J'agis

Gouvernance

Le Conseil d'administration

Le Conseil d’administration est composé de 30 membres, majoritairement des présidents d’association et des personnalités qualifiées. Leur mandat est de trois ans renouvelable deux fois.


Le Conseil se réunit cinq fois par an.
Son Bureau comprend un président, trois vice-présidents, un trésorier et un secrétaire.

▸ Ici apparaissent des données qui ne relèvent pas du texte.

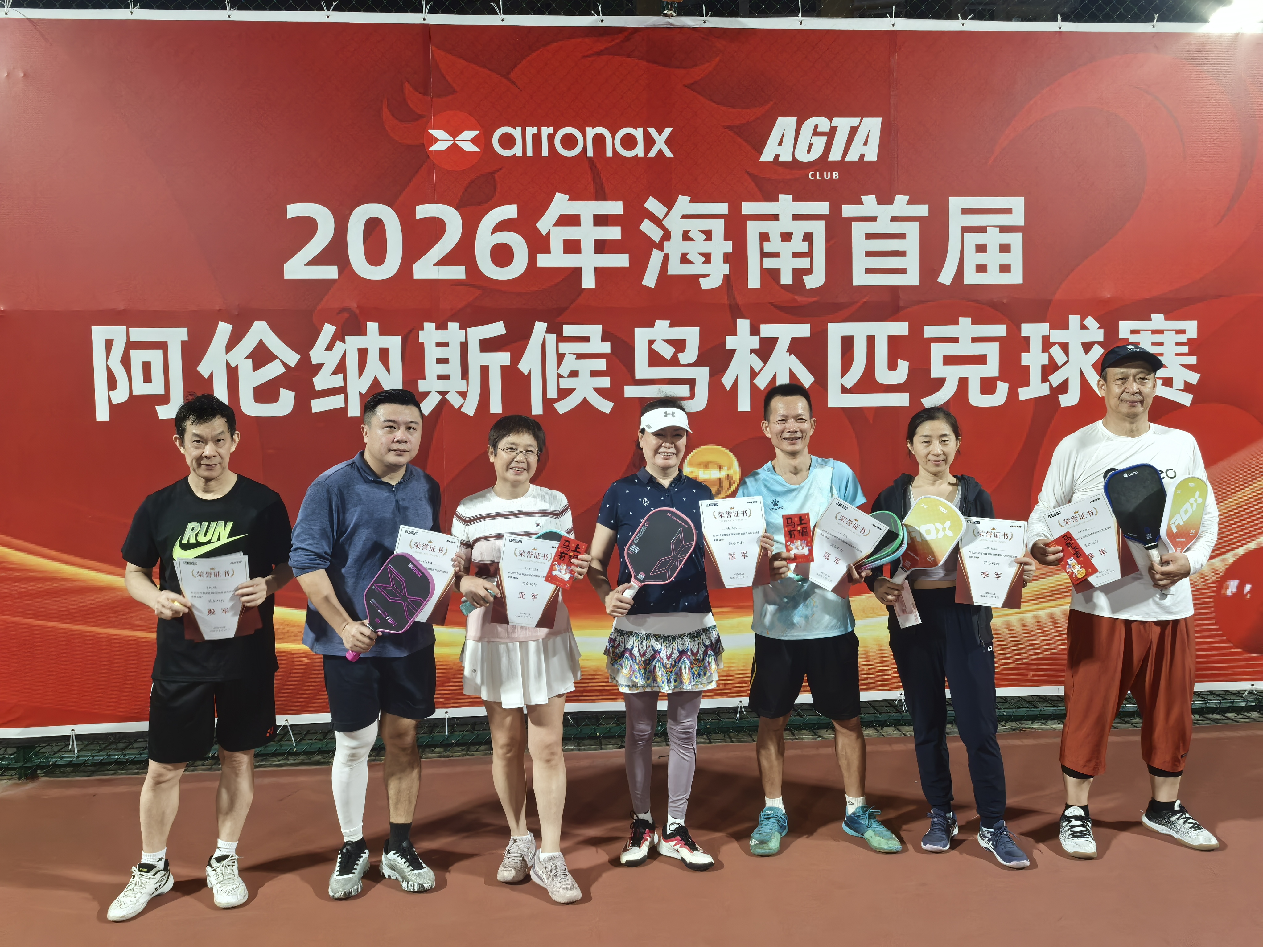 海财经·证券导报1月19日讯(记者 郭静瑜)1月17日晚,由阿伦纳斯独家冠名、海南省匹克球协会指导、海口奥林匹克花园AGTA CLUB承办的2026年海南首届阿伦纳斯候鸟杯匹克球赛在海口奥林匹克花园AGTA CLUB圆满收官。来自全国各地的80余名“候鸟”匹克球爱好者与海南本土选手同场竞技,以球会友,展现了昂扬向上的运动风采。

Voir la composition du Conseil d’Administration


Les Comités consultatifs

Le Comité des auditeurs

Il est composé de 12 bénévoles qualifiés qui interviennent auprès de l’ensemble des structures du Mouvement dans le cadre de programmes de contrôles pluriannuels, ou sur demande spécifique.
Le rapport de synthèse des travaux du Comité des auditeurs est présenté lors de l’Assemblée Générale annuelle de la Fédération.

Le Comité des donateurs

Composé de représentants de toutes les catégories de sympathisants du Mouvement (donateurs, souscripteurs, bénévoles), il a pour mission de veiller à la bonne utilisation des fonds collectés et à leur emploi en toute transparence.

Le Comité des risques

Il est composé d’auditeurs, de présidents d’association et d’administrateurs. Il est chargé d’établir la cartographie des risques du Mouvement, et d’en suivre l’évolution et la résolution. Il présente son rapport de synthèse annuel au cours de l’Assemblée Générale de la Fédération.

Audits et contrôles

Commissaire aux Comptes

les comptes sociaux de la Fédération et les comptes combinés du Mouvement sont certifiés par le cabinet Acti Conseil. Les comptes de la Foncière d’Habitat et Humanisme sont certifiés par le Cabinet Ernst and Young.

Le Comité de la Charte

de déontologie des organisations faisant appel à la générosité du public délivre un agrément triennal. Celui-ci a été renouvelé le 19 décembre 2013. Les contrôleurs du Comité de la Charte auprès du Mouvement sont Messieurs Jean Mignot et Michel Marcenac.

L’ ANCOLS

La Foncière d’Habitat et Humanisme fait l’objet de contrôles réguliers de l’Agence Nationale de Contrôle du Logement Social (ex MIILOS).

Enfin, la Cour des Comptes peut contrôler toute association dès lors qu’elle est reconnue d’utilité publique et sollicite la générosité publique en France.